Rachel Corsie, a 26-year-old Scottish international defender who played most of her career at home with Aberdeen and Glasgow City before transferring last season to Notts County in the FA WSL1, has been a strong presence in the Seattle Reign defense in her first season in the NWSL. She has contributed two goals, one a game-winner on August 12 against the Houston Dash in a 2-1 victory at home before 6,021 fans.

Corsie said that she was pleased with how her transition to the Reign and the NWSL has gone since leaving the British Isles. She joined two former teammates in Seattle—2014 NWSL Most Valuable Player Kim Little, who she started playing with on national teams when she was 15, and Jess Fishlock, who joined her Glasgow City side after the 2013 NWSL season—but the entire team has helped her settle in as well and become a consistent starter in the weekly lineups. Corsie said that the NWSL’s physicality and quality of the players is a step up from the WSL back in England

[MORE: Seattle Reign clinch second straight NWSL Shield]

She was a full-time player for the first time last season with Notts County, where she was acclaimed as one of the top center backs in the league, but some of the other players had jobs on the side, as it is a semiprofessional league. Corsie, a certified accountant who worked for Ernst and Young in Glasgow, was a part-time player at home in the Scottish League but is pleased with the full-time set-up in the NWSL.

“Everyone here is working full-time on their game and with the same ambitions,” she said. “We have a strict training regime every day.
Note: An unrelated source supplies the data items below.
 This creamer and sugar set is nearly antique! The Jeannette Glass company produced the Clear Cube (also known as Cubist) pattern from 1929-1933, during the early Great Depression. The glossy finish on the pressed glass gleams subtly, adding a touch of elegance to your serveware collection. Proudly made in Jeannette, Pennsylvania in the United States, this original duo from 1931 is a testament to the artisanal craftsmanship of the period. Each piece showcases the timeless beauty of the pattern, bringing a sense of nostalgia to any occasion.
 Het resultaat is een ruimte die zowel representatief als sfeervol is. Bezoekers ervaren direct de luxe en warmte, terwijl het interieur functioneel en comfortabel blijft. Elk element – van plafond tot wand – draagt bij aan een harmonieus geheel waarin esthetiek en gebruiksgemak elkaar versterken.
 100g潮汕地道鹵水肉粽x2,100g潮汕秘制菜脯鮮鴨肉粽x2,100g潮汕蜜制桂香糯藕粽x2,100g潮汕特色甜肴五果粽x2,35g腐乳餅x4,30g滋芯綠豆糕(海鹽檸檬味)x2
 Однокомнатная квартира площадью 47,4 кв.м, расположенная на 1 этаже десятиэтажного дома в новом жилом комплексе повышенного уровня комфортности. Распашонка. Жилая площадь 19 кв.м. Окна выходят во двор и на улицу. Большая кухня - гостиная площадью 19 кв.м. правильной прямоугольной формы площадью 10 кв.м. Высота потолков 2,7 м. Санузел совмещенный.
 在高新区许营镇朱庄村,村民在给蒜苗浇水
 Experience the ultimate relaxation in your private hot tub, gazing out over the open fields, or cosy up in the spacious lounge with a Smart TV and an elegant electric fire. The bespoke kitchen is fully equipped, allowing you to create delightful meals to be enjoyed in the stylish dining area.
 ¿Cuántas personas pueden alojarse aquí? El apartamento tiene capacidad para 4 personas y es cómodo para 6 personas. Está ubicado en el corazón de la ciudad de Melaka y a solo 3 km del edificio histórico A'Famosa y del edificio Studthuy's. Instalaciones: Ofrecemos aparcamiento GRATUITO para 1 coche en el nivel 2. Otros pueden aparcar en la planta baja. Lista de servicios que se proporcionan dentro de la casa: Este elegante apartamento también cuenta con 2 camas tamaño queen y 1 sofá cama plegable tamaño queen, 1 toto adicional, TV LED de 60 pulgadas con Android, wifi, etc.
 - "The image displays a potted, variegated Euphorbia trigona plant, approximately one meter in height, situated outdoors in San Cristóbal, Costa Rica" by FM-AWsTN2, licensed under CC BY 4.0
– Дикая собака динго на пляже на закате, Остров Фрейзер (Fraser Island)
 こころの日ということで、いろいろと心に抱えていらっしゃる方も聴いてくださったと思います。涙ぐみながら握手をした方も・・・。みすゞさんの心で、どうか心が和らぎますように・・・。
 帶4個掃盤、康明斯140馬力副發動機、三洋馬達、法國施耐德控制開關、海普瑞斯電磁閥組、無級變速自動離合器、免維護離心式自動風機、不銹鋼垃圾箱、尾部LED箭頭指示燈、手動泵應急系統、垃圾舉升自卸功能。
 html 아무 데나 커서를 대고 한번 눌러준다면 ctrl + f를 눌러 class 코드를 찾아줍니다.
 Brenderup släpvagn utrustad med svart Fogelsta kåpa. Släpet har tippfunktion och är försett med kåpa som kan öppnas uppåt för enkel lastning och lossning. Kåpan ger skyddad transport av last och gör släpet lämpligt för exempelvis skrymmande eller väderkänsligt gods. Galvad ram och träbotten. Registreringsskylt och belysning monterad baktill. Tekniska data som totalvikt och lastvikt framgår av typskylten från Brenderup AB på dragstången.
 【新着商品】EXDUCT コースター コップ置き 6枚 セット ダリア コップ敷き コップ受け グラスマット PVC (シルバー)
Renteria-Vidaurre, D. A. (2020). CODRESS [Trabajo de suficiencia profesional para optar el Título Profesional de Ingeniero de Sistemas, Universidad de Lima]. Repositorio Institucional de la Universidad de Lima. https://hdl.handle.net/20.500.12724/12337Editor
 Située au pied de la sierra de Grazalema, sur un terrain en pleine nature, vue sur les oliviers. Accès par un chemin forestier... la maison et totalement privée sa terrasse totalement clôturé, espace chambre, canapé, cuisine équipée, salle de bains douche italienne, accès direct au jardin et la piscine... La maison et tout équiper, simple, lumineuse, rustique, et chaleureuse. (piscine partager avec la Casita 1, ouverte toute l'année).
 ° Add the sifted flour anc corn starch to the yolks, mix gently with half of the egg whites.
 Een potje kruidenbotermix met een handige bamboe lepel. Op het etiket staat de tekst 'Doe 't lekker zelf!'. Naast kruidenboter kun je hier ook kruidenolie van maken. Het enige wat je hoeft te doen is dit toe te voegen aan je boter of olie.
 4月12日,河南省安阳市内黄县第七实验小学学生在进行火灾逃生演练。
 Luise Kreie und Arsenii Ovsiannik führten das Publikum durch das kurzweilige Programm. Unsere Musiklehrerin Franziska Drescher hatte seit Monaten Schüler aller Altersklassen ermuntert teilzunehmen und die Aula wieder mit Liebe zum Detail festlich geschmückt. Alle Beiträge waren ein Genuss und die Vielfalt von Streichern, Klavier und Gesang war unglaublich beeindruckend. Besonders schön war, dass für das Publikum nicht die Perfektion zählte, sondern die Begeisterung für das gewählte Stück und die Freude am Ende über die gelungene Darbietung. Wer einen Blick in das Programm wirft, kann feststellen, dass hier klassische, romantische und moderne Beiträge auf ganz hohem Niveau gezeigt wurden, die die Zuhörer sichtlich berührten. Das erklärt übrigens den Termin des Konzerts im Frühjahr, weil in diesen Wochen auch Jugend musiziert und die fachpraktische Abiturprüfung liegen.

“I feel much fitter and much sharper,” she continued. “Every team here [in NWSL] has a few world-class players and every game is a different challenge and everyone here looks forward to it. It’s so competitive and exciting…You play against so many quality players every week; it makes you more focused on what you need to do and your role and responsibility. You get away with small lapses of quality in other places but certainly not here. I get tested by quality forwards. Being able to concentrate and focus on the mental side of the game—it’s definitely pushed me and challenged me here and I enjoy getting that test.”

At the personal level, she has enjoyed Seattle, calling it “A cool place to live. There are so many big sports teams—Mariners, Seahawks as well as the Sounders–and such a big focus on the sport.”

Corsie is a core member of the Scottish national team’s central defense as they attempt to qualify for the European Championships finals in 2017, which would be their first-ever senior tournament finals. The Scots lost last fall, 4-1 on aggregate to the Netherlands in the Women’s World Cup playoff semifinals for a last UEFA spot in this summer’s World Cup in Canada.

Corsie would like to train in a full-time environment: “I hopefully will return to Seattle [in 2016] and then continue to play and work in the winter but it has to work for Seattle and Scotland.” She should know in the next couple of months if she can continue to play in the offseason.

Scotland was drawn into Group A with Belarus, Macedonia, Iceland and Slovenia. Scotland starts the group process off in Slovenia on Sept. 22, followed by four consecutive home games against their opponents from October thru next June. The eight group winners and the six best second-place sides advance to the 16-team Euro finals, expanded from 12 teams for the first time. The Netherlands will host the finals in the summer of 2017.